-- Provided material follows --

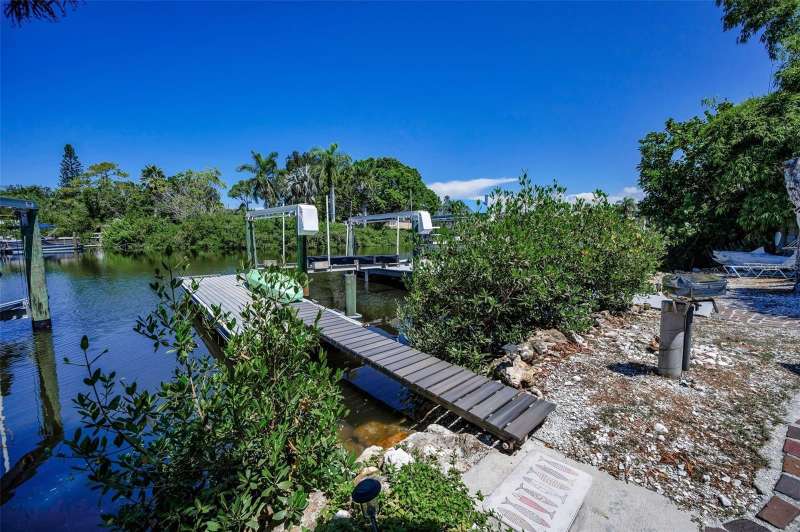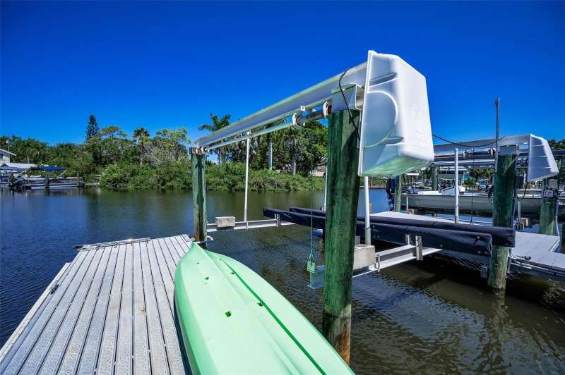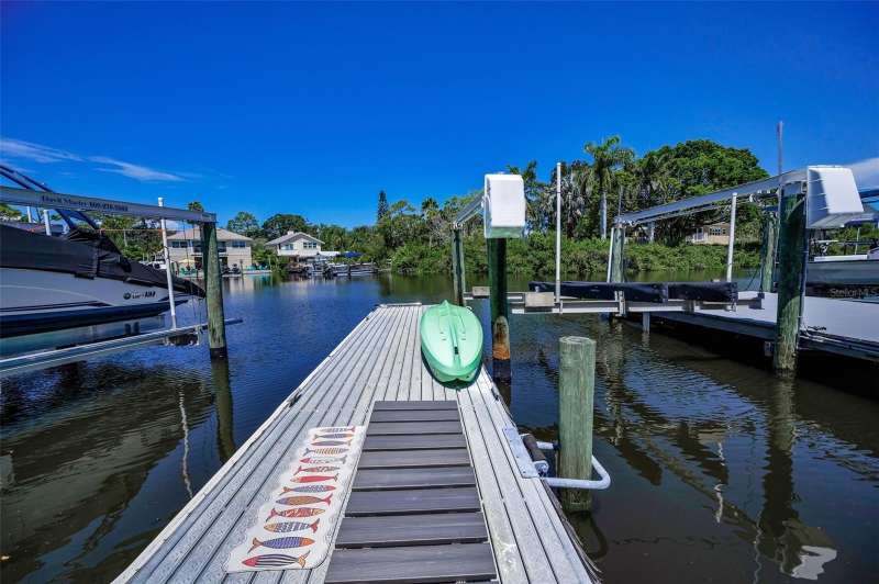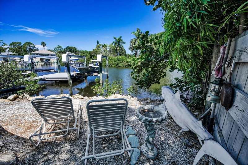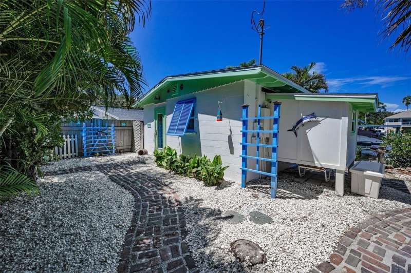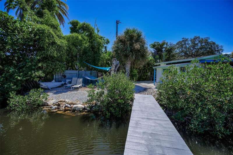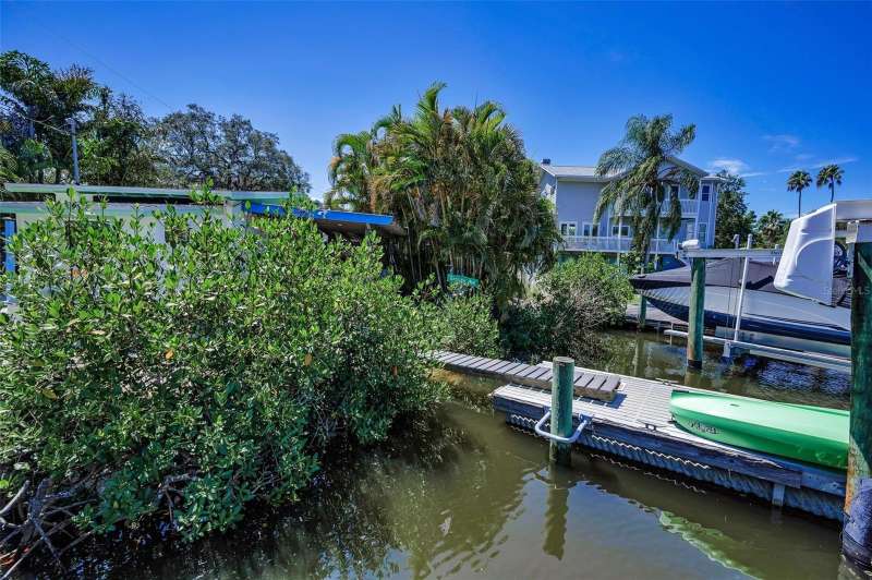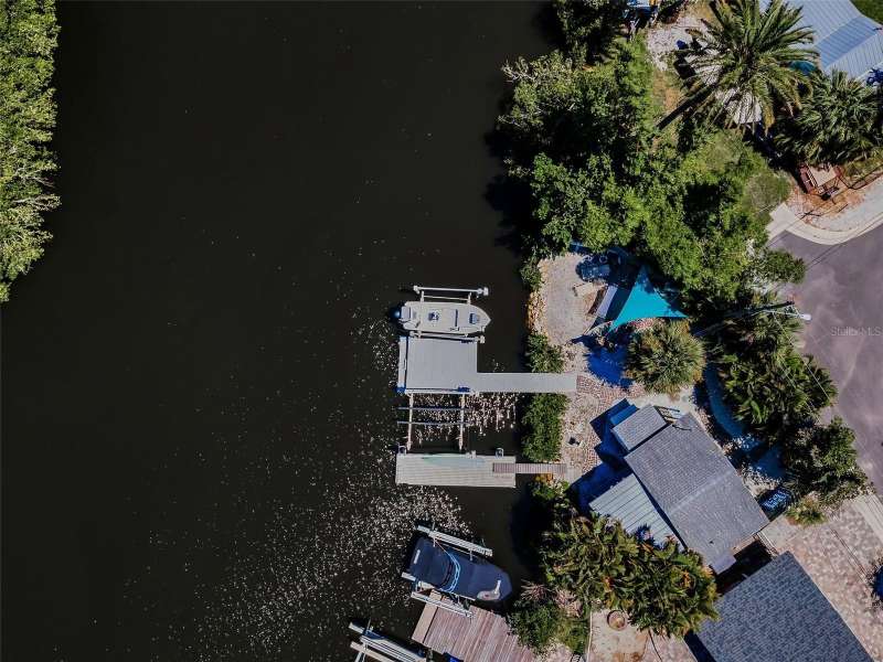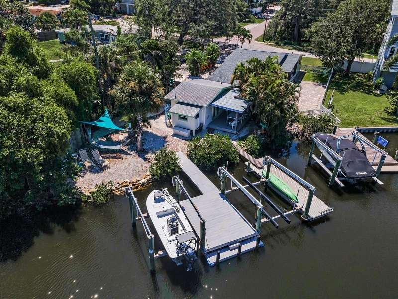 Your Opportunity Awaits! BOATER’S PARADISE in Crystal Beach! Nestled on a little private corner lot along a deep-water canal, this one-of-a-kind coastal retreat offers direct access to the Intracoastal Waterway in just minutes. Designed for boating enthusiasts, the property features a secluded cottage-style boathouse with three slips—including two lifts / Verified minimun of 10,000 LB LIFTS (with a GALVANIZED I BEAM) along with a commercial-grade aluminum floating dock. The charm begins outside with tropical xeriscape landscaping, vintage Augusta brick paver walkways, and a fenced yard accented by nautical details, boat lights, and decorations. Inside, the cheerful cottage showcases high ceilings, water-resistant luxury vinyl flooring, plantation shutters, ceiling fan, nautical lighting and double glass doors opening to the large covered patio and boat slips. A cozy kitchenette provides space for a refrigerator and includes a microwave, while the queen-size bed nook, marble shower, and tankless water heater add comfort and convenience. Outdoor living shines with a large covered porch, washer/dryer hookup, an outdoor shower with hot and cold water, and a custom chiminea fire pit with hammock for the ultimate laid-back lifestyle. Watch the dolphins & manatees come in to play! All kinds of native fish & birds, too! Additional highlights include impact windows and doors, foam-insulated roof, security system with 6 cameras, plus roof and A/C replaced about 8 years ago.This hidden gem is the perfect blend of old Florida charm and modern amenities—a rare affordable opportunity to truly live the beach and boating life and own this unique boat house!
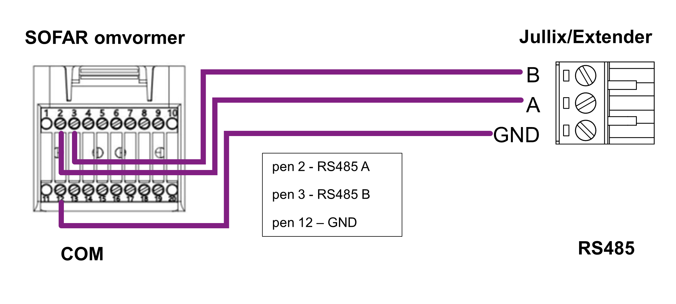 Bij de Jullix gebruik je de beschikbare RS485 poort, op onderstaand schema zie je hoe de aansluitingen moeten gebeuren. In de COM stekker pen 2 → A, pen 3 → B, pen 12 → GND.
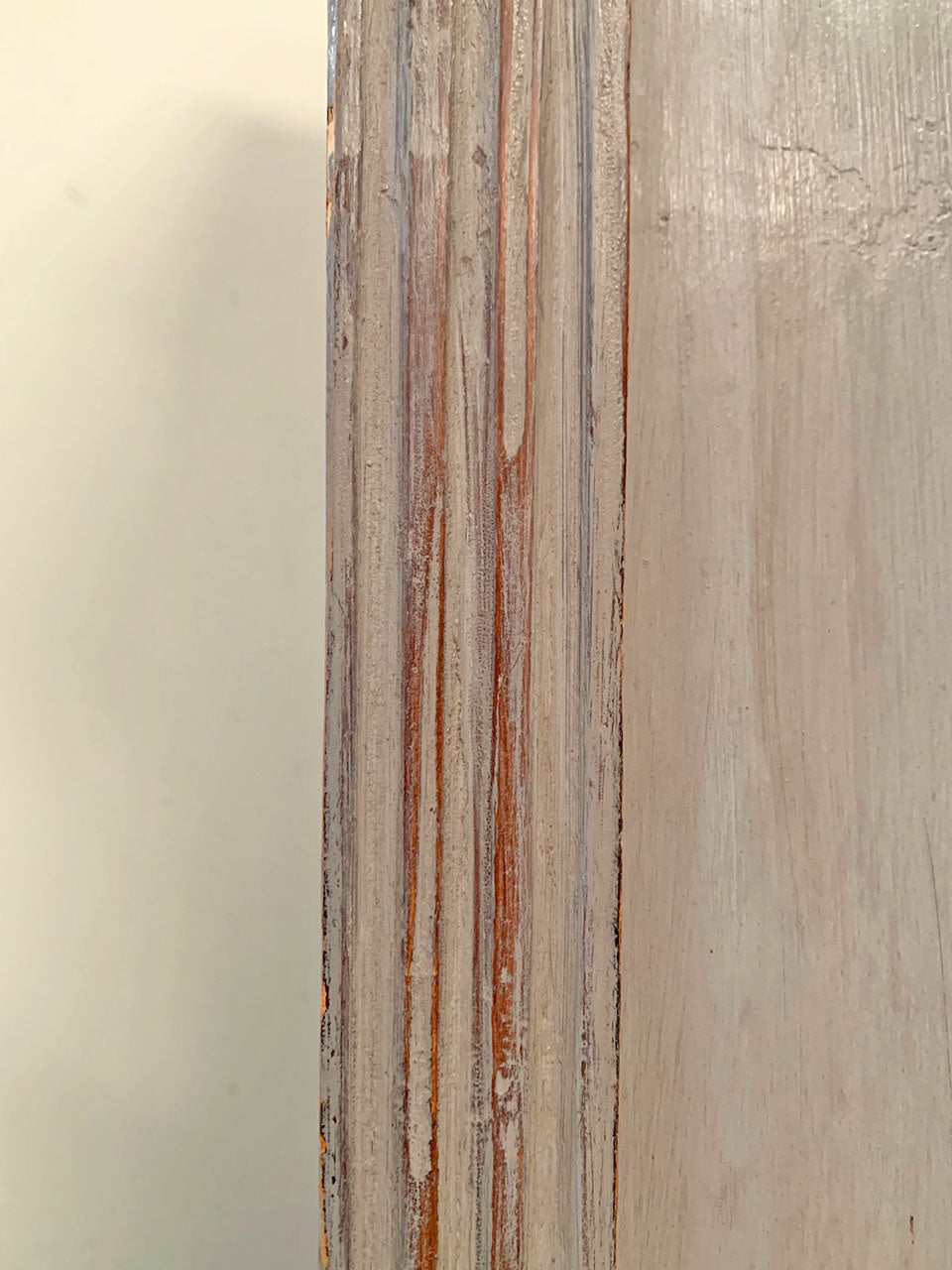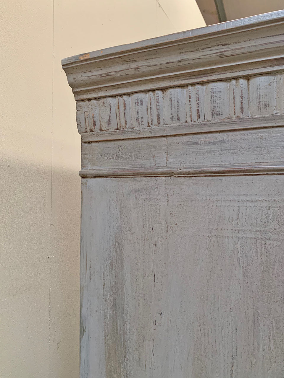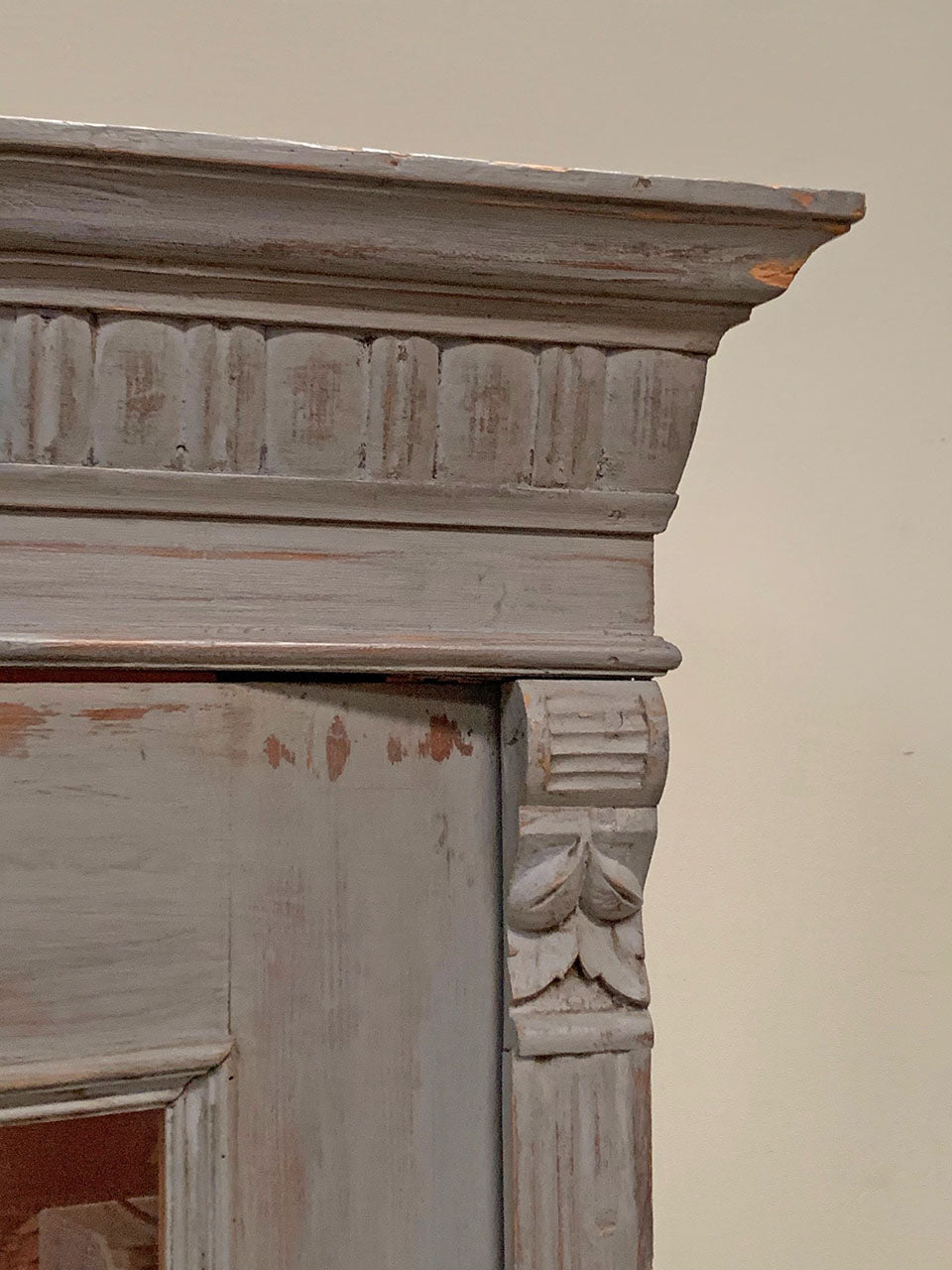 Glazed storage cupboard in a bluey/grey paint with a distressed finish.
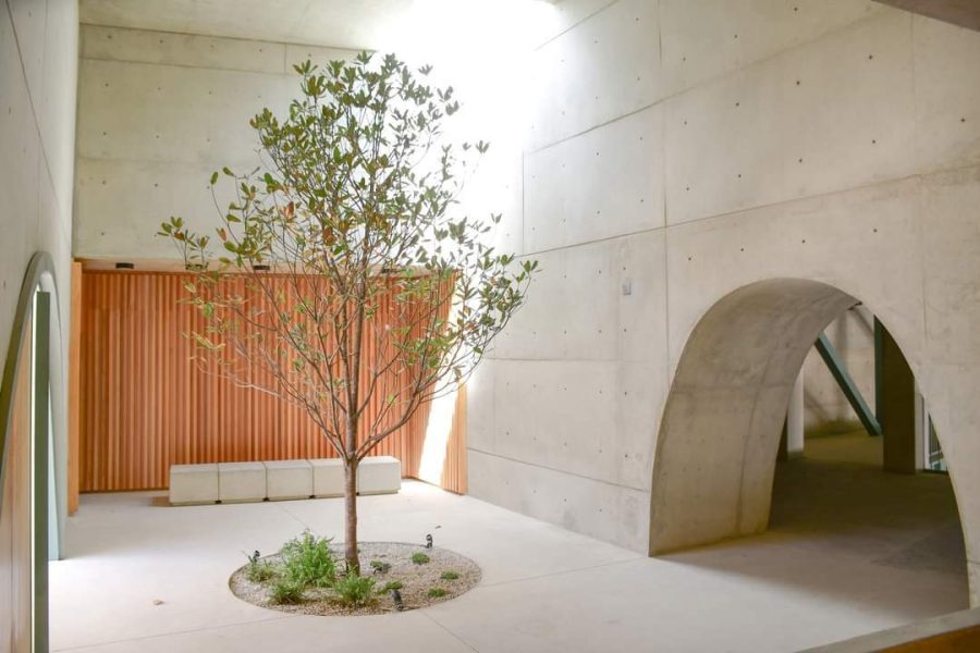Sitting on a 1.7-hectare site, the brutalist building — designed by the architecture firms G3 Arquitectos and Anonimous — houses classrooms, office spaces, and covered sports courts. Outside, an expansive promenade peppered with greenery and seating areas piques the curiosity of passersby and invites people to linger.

-- Provided material concluded --

Task item | Take the line with "Bij de Jullix" and each line after it through the end of the material above, and reproduce them exactly, without the pictures.

Result for this exercise |
 Bij de Jullix gebruik je de beschikbare RS485 poort, op onderstaand schema zie je hoe de aansluitingen moeten gebeuren. In de COM stekker pen 2 → A, pen 3 → B, pen 12 → GND.
 Glazed storage cupboard in a bluey/grey paint with a distressed finish.
Sitting on a 1.7-hectare site, the brutalist building — designed by the architecture firms G3 Arquitectos and Anonimous — houses classrooms, office spaces, and covered sports courts. Outside, an expansive promenade peppered with greenery and seating areas piques the curiosity of passersby and invites people to linger.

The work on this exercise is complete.